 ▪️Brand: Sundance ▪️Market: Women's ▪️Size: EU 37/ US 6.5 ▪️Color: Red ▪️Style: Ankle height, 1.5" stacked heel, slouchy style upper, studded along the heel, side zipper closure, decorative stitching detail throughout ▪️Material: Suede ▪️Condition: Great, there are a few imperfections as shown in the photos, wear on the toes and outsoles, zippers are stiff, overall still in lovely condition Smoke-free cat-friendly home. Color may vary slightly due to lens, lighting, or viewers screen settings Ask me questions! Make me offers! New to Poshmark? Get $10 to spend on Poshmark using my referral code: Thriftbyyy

- - -

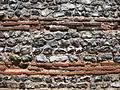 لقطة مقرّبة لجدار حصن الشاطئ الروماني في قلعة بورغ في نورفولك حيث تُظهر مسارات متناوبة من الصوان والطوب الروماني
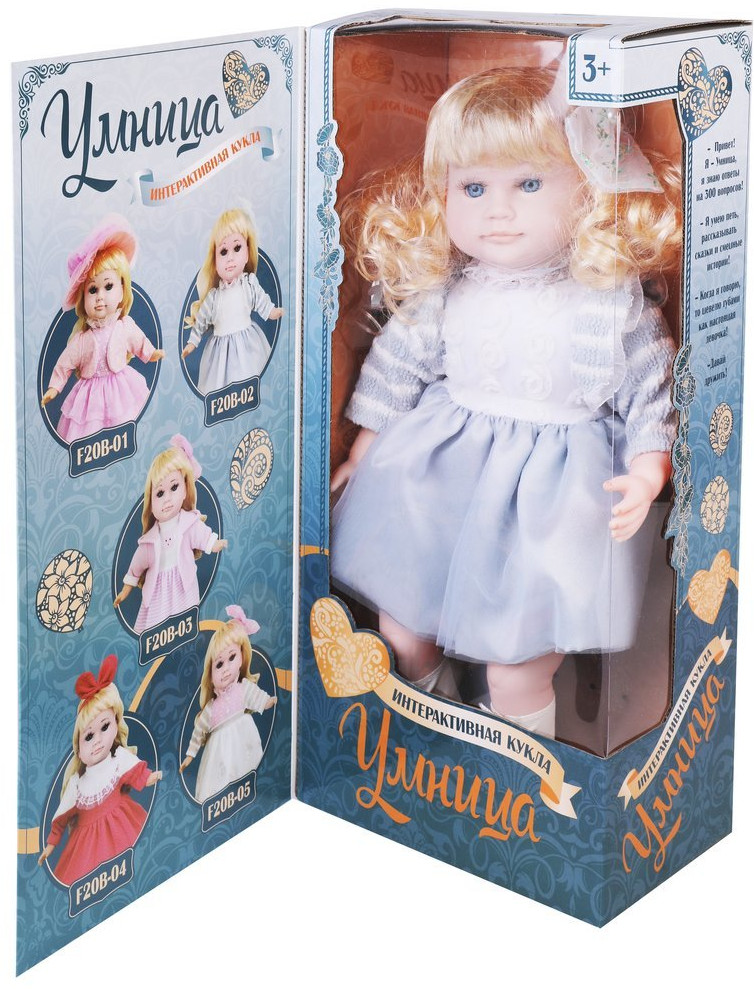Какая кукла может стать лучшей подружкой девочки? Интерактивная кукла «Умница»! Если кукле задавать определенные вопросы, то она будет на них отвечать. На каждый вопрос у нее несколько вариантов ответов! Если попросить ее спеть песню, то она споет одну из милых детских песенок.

- - -

> [WHAT IS NEEDED]:
Copy exactly the part of the material above that opens with the line containing "لقطة مقرّبة لجدار" and closes with the line containing "Какая кукла может", ends included. Drop the images.

> [OUTPUT]:
 لقطة مقرّبة لجدار حصن الشاطئ الروماني في قلعة بورغ في نورفولك حيث تُظهر مسارات متناوبة من الصوان والطوب الروماني
Какая кукла может стать лучшей подружкой девочки? Интерактивная кукла «Умница»! Если кукле задавать определенные вопросы, то она будет на них отвечать. На каждый вопрос у нее несколько вариантов ответов! Если попросить ее спеть песню, то она споет одну из милых детских песенок.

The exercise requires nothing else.